4. Shri Mahesh Kumar, appearing for the Department, drew our attention to the Schedule to rate contract of DGS&D. At page 9 we find the following : "The prices are exclusive of excise duty on coolers i.e.(finished product) which is payable extra. The rate of excise duty is 25% ad valorem. The excise duty at present leviable in this case is Rs. 314.80, 25% on Rs. 1,259.20 which is the unit value of the stores as assessed by the Excise Authorities." In regard to 'Kay' room cooler Commercial Model the price of the unit was Rs. 1,470.20 and water tank (100 litres) was valued at Rs. 65/-. He argued that the show cause notice issued on 9-1-1975 referred to the value of the water tank. He stated that there was nothing to indicate that the cost of the extra water tank was excluded. The contract was composite and there was no evidence that such water tank was supplied separately without the cooler or vice versa. According to him the rulings cited by the consultant have no application to the facts of the present case.

5. We have to decide whether or not the value of the extra water tank should be included in the assessable value of the coolers. In the show cause notice issued on 6-9-1974, the assessable value for the Deluxe Imperial and Commercial models have been set out as including the additional water tank, because the same was charged from the buyers. It is also significant to note that Central Excise duty has been collected by the appellants on the declared prices of the coolers i.e. Rs. 1,259.20, Rs. 1,419.20 and Rs. 1,535.20. From the relevant Schedule to rate contract, we find that the cooler is valued at Rs. 1,229.20 and the water tank at Rs. 30/-. Even in regard to the excise duty, a sum of Rs. 314-80 calculated at 25% on Rs. 1,259.20 is stated to be the unit value of the stores as assessed by the Excise Authorities. In the amendment dated 4-5-1974 issued by the DGS&D the value of the unit and the water tank have been shown distinctly and the rate of excise duty is stated to be 40% ad valorem with effect from 1-3-74. The price of the water tank was included in the contract rates of DGS&D and excise duty was actually charged from the customers (vide show cause notice dated 9-1-1975). Hence there is considerable force in the argument of the learned S.D.R. that the contract was composite and that the additional water tank was considered to be part of the main unit.

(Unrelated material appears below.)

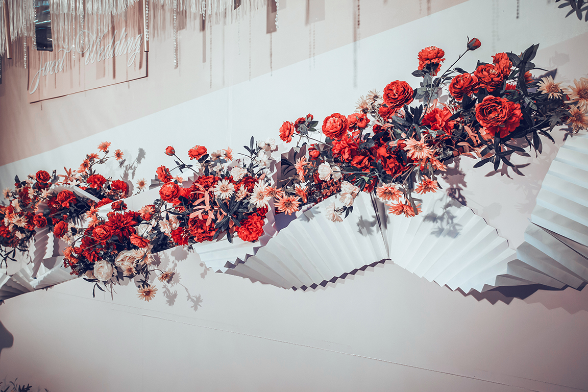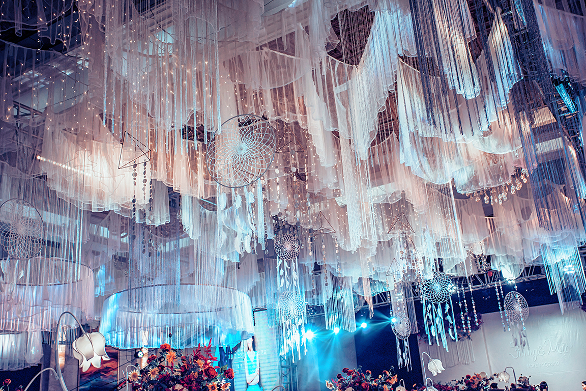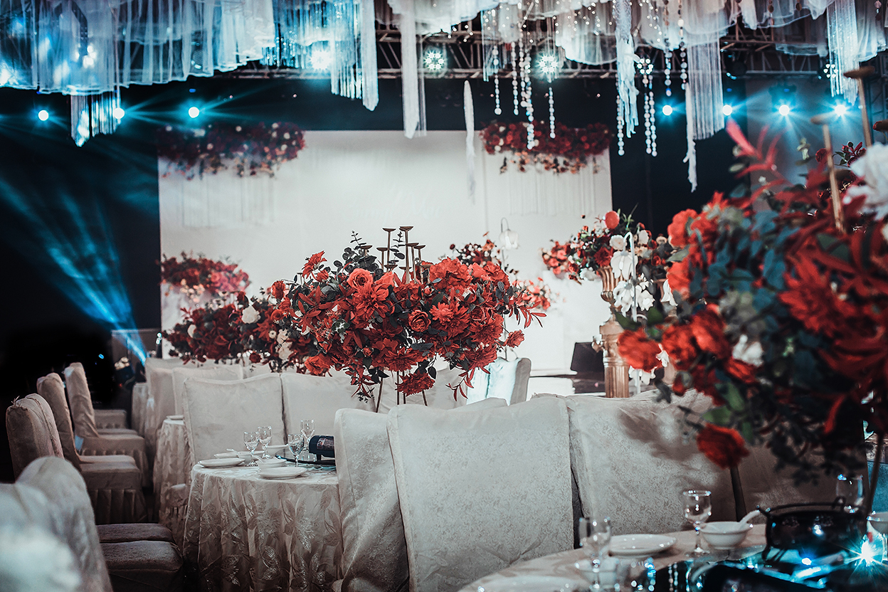 层次分明的纯色背景,加上繁花营造的泰式花艺 整体简单大气,更能突出舞台上的新人

6. The appellants would say that water tank was not one of the items listed in Notification 81/62. That notification exempted all parts of refrigerating appliances other than the parts mentioned therein. But that is of no consequence because the appellants have charged the price and excise duty for the additional water tank also from the buyers.

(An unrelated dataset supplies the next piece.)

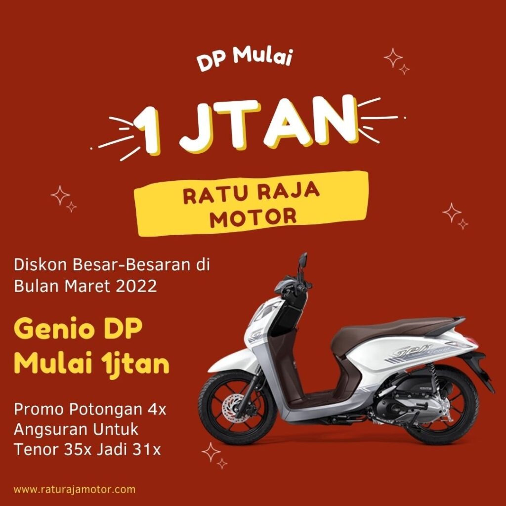Promo bulan maret 2022. Hallo guys,,, untuk bulan ini kita ada promo potongan 4x angsuran lho. Khusus Beat dan Genio, dari tenor 35x menjadi 31 x. So pasti kalian tertarik banget,,, bulan depan belum tentu ada promo bagus seperti ini lagi.

Even assuming that the appellants have bought these items from third parties, the fixture of these items to the main unit would constitute manufacture thereof and would attract excise duty.

7. The ruling reported in 1984 ECR 541 (supra) has no relevancy to the present facts. That case was in respect of voltage stabilizers which were independently assessable under Item 68. The ruling reported in 1977 CEN CUS 31(d) also does not apply to the present issue. In that ruling hours meter and wheel weights were considered as accessories of a tractor. An additional water tank cannot be considered as such. On the present facts, it is manifest that the water tank supplied by the appellants formed an integral part of the main unit and provided for the supply of water to the functioning of the cooler for a longer duration. As rightly pointed out by the Appellate Collector there is no evidence to show that a separate water tank has been supplied to any party without the cooler. The water tank by itself has no independent use and formed an inbuilt system for storing additional quantity of water. Though in one of the previous cases, another Appellate Collector has taken a different view that does not advance the case of the appellants in any way.

8. For the reasons stated above we find no merit in all the four appeals and dismiss the same.